Li Chenggang, el principal negociador de la delegación china, enfatizó la intención de su país de mantener una relación comercial “saludable y estable” con Washington. Subrayó además que los equipos económicos de ambas naciones continuarán intercambiando opiniones y promoviendo canales de diálogo activos, incluso más allá del vencimiento de la moratoria actual.
Trump, el factor decisivo
Pese al clima positivo de las reuniones, los negociadores estadounidenses fueron enfáticos al señalar que cualquier decisión sobre la prórroga de la tregua depende exclusivamente del presidente Donald Trump. Scott Bessent, secretario del Tesoro, afirmó que entregarán al mandatario un informe completo sobre los avances obtenidos en Estocolmo, pero aclaró que la definición sobre el futuro comercial entre ambas potencias será política y no técnica.
Jamieson Greer, representante comercial de EE.UU., agregó que la alternativa más factible es una nueva extensión de 90 días, lo que permitiría continuar las conversaciones técnicas y postergar una escalada comercial inmediata. De concretarse, también habría espacio para programar nuevas reuniones bilaterales antes de que finalice ese período adicional.

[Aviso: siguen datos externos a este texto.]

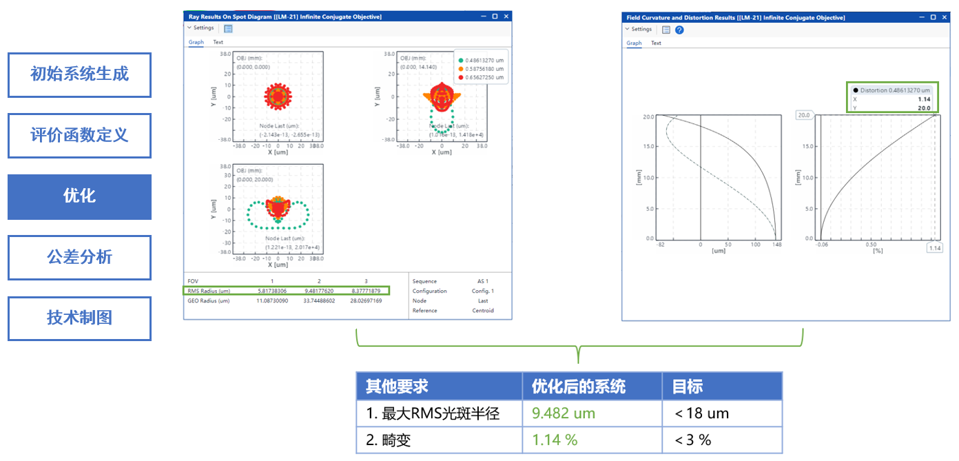 通过采用LM算法进行优化后,满足了像质要求 1-2、系统规格 2、额外系统限制1-3以及加工要求 1-2。

Un riesgo latente para la economía global
La falta de un acuerdo prolongado entre Estados Unidos y China tendría repercusiones globales. El regreso de los aranceles punitivos, que en algunos casos superarían el 100 %, afectaría a millones de empresas e industrias interconectadas por las cadenas de valor internacionales. El Fondo Monetario Internacional (FMI), que recientemente revisó al alza sus proyecciones de crecimiento mundial, advirtió que una reactivación de la guerra comercial sería uno de los principales riesgos para la estabilidad económica internacional.
Además del impacto financiero, una ruptura del acuerdo complicaría el acceso a productos tecnológicos, automotrices y farmacéuticos, aumentando los precios de producción y generando presión inflacionaria en diversas economías. Analistas coinciden en que, sin una solución negociada, los países más vulnerables serán aquellos con alta dependencia de exportaciones o con sectores manufactureros insertos en la cadena entre EE.UU. y China.
Señales de continuidad, pero sin garantías
Aunque las declaraciones públicas apuntan a una voluntad compartida de evitar una escalada, la complejidad estructural del conflicto comercial —que incluye aspectos como propiedad intelectual, subsidios estatales, desequilibrios comerciales y tecnología estratégica— dificulta una resolución inmediata. Si bien el tono en Estocolmo fue más conciliador que en reuniones previas, los avances sustantivos aún parecen lejanos.
Para los observadores internacionales, el escenario más probable es que Trump opte por extender la tregua, al menos temporalmente, con miras a evitar una perturbación económica mayor en un año electoral. Sin embargo, la falta de una solución definitiva mantiene la tensión latente y refuerza la necesidad de institucionalizar los canales de diálogo entre ambas potencias para evitar crisis cíclicas.
El cierre del diálogo en Estocolmo entre Estados Unidos y China representa un paso diplomático relevante, aunque todavía insuficiente para resolver de fondo el conflicto comercial más importante del mundo. La posibilidad de extender la tregua arancelaria ofrece un alivio temporal, pero deja en evidencia la fragilidad del entendimiento actual. Con el reloj corriendo hacia el 12 de agosto, la decisión final recae en Donald Trump, y con ella el rumbo inmediato de la economía global. Mientras tanto, los mercados y gobiernos del mundo esperan señales claras que indiquen si la cooperación ganará terreno sobre la confrontación.